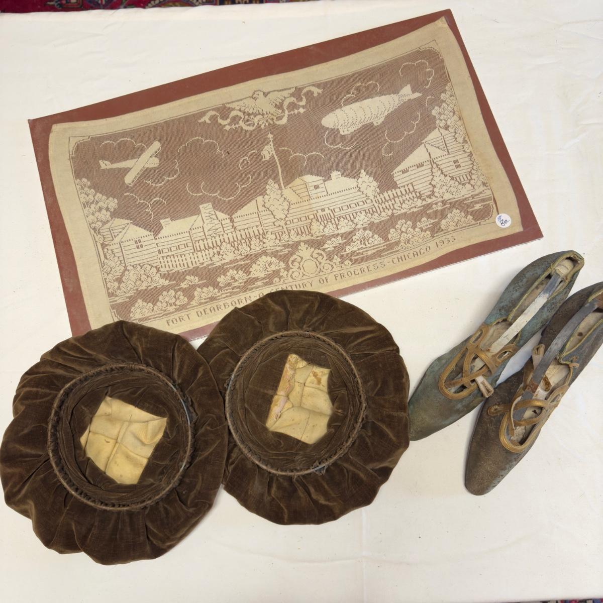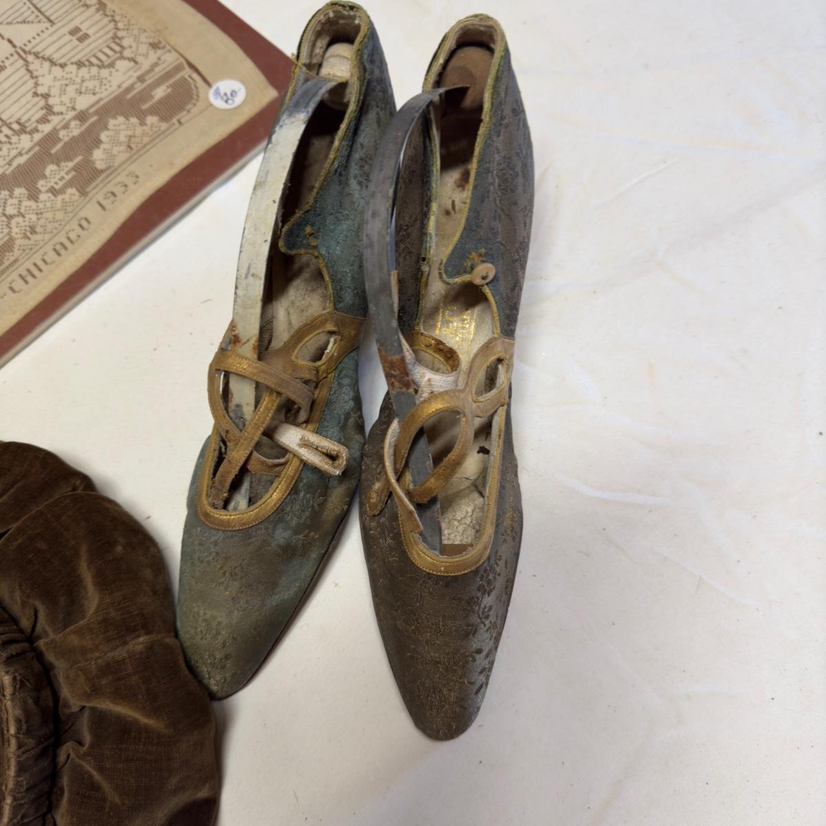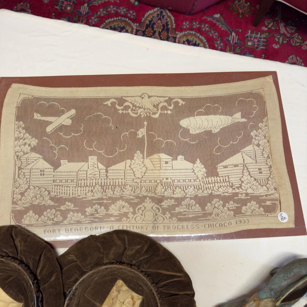 U1087 Antique Ladies Shoes, 1933 Lace Dresser Scarf Chicago Worlds Fair Souvenir
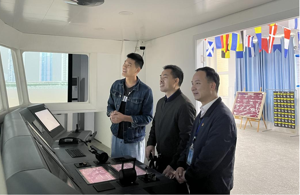 陆正英校长助理还参观了交校的无人机文化展示馆、无人机装调实训室及船舶驾驶模拟仓等,他对交校的特色专业建设,虚拟仿真实训基地建设给予高度评价,希望今后两校进一步加强交流沟通、互相学习、共同提高。
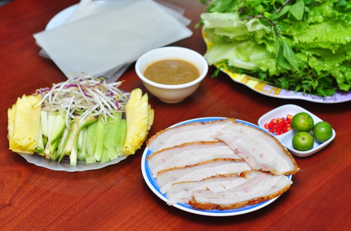 Thịt heo quay có phần bì giòn tan như "mới ra lò" nên ăn rất đã. 50.000 đồng/suất, bánh tráng thịt heo quay ở đây được đánh giá là ngon rẻ.
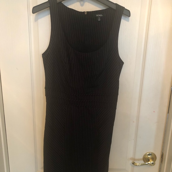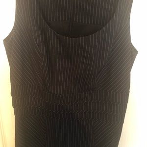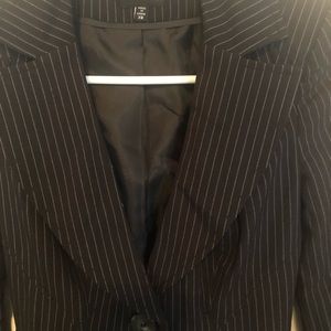 Black suit with white pin stripe.
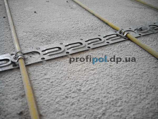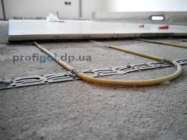 При монтаже, поверх первой стяжки, обычно укладывается штукатурная металлическая сетка для укладки трубы. Затем просто прокладывается коммуникационная труба и закрепляется пластиковыми кронштейнами, для лучшей фиксации.
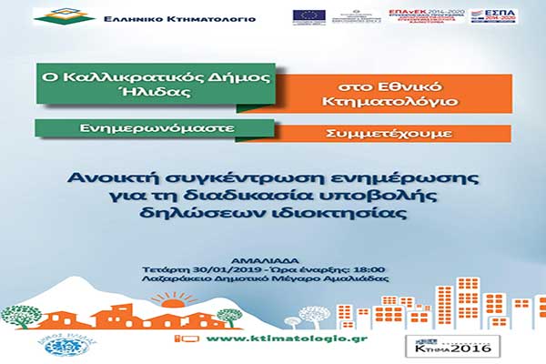 Αμαλιάδα: Ενημερωτική ημερίδα στις 30 Ιανουαρίου για την έναρξη κατάθεσης υποβολής δηλώσεων Κτηματολογίου
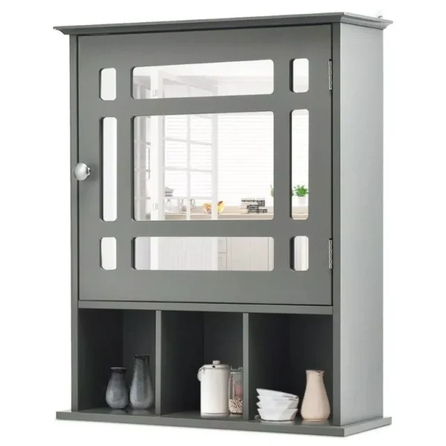 Introducing our sleek and versatile Grey Wall-Mounted Mirrored Medicine Cabinet – a perfect blend of elegance and practicality for your bathroom or any room needing extra storage. This sophisticated piece is not just a storage solution but a style statement, enhancing the aesthetics of your home.
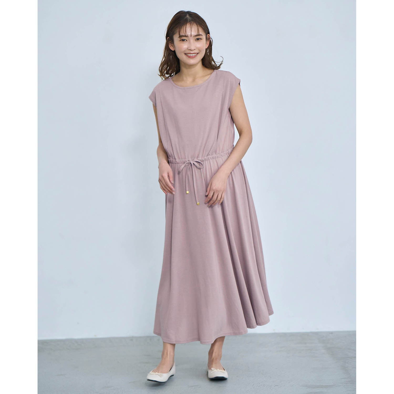 ―デザイン・スタイリング―・夏にも1枚でサラリと着られる、シンプルなワンピース・ウエストのドロストでサイズ調節が可能・産前から産後まで長く活躍―機能―・素早く汗を吸収し、汗ジミが出るのを防ぐ特殊加工・ワキの部分に消臭テープ付き・スリット仕様の授乳口付き―素材―・程よい伸縮性と落ち感のあるレーヨン混の天竺素材

> WHAT THIS TASK INVOLVES
Each line from the one containing "При монтаже, поверх" through the end of the listing is to be set down exactly, with all pictures left out.

> FINISHED TASK
 При монтаже, поверх первой стяжки, обычно укладывается штукатурная металлическая сетка для укладки трубы. Затем просто прокладывается коммуникационная труба и закрепляется пластиковыми кронштейнами, для лучшей фиксации.
 Αμαλιάδα: Ενημερωτική ημερίδα στις 30 Ιανουαρίου για την έναρξη κατάθεσης υποβολής δηλώσεων Κτηματολογίου
 Introducing our sleek and versatile Grey Wall-Mounted Mirrored Medicine Cabinet – a perfect blend of elegance and practicality for your bathroom or any room needing extra storage. This sophisticated piece is not just a storage solution but a style statement, enhancing the aesthetics of your home.
 ―デザイン・スタイリング―・夏にも1枚でサラリと着られる、シンプルなワンピース・ウエストのドロストでサイズ調節が可能・産前から産後まで長く活躍―機能―・素早く汗を吸収し、汗ジミが出るのを防ぐ特殊加工・ワキの部分に消臭テープ付き・スリット仕様の授乳口付き―素材―・程よい伸縮性と落ち感のあるレーヨン混の天竺素材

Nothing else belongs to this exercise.